Cordill was born in rural Coahoma in Coahoma County near Clarksdale in northwestern Mississippi, the oldest of four children of Joseph Cordill (1816 - 1887) and his first wife, the former Mary Jane Sisson (1828 - 1860). Mary Jane died in childbirth when Charles was fourteen years of age though the child, Francis Marion Cordill (1860-1901), Charles' brother, survived. In 1868, Joseph Cordill married Mary Lu Woodward, and the couple had four children between 1869 and 1877, Charles' half-siblings. It is unclear when Cordill moved to Tensas Parish, probably 1867 or 1868, but it seems likely that he was reared prior to the American Civil War in adjoining Franklin Parish to the west. He was a merchant before he amassed a fortune as a planter.

According to the 1899 property tax rolls, Cordill owned more than three thousand acres, the majority on his Kenilworth Plantation. He had ninety mules and some twenty-five wagons. His annual tax bill exceeded $1,000.

==Political career==

In the state Senate, Cordill was for a time the chairman of the Agriculture, Commerce, and Levee committees. The latter was particularly important to a river parish like Tensas. Cordill was considered the political boss of Tensas Parish. He was elected parish judge, based in St. Joseph, as a Republican c. 1874, before he was yet thirty years of age. During Reconstruction, he was an ally of Carpetbagger Governor Henry Clay Warmoth. When Reconstruction ended, Cordill quickly turned Democrat to preserve his political power. The judge held court in all kinds of cases every other month six times a year. Cordill was also for twenty-five years the president of the Tensas Parish Police Jury, the parish governing body; at the time a legislator could also serve on the police jury, as both are part-time positions. Cordill's political power rested on the firm support from the white landowners at a time when the African-American constituency was disenfranchised despite the Fifteenth Amendment to the United States Constitution. Tensas Parish at the time had a much greater black population than it does today though it is still a majority black parish. The 1900 census showed Tensas with 1,231 whites and 17,839 blacks.

Cordill's power was challenged in the 1878 general election by a coalition of former Confederate white yeoman farmers and blacks who joined in the "Country People's Ticket". He quickly beat his opponents into submission with physical force even before the election to unseat him could be held.
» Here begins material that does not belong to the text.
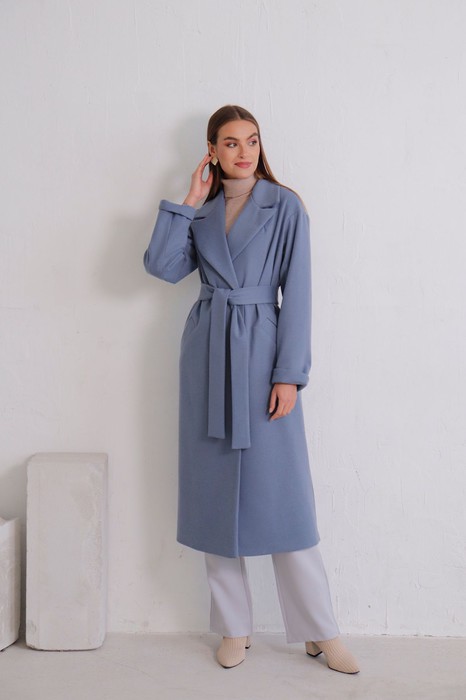 Современное удлиненное пальто прямого кроя с небольшим запахом. Воротник английский с широкими лацканами, плечо спущенное, по низу рукавов отложные манжеты. По среднему шву спинки внизу - шлица. Пальто с карманами, на завязывающемся поясе. Застёжка на металлические пальтовые кнопки.

In 1878, Judge Cordill, a staunch segregationist, pursued a band of African Americans who had killed a Captain Peck of Catahoula Parish. According to "Vignettes" of the American Civil War by Francis McRae Ward, Cordill and his posse of one hundred reached Bass Lane, about a mile north of Waterproof in southern Tensas Parish, in the area near Cordill's plantation, and came upon some approximately one thousand blacks. Rather than wait for reinforcements, Cordill ordered an attack with the expectation, correct as it turned out, that the blacks would flee, rather than fight. Cordill's hunch was based on an event during the Civil War when he, still teenager, and four other soldiers routed a whole company of black soldiers in this same area. Cordill and his men charged, fired their weapons, and yelled loudly. As Cordill had expected the blacks dismounted their horses, fled, and hid in the nearby cotton fields. The challenge to Cordill's rule hence ended with a whimper. The posse members included Carneal Goldman Sr., a Waterproof planter, and William Mackenzie Davidson, later the first mayor of St. Joseph after incorporation.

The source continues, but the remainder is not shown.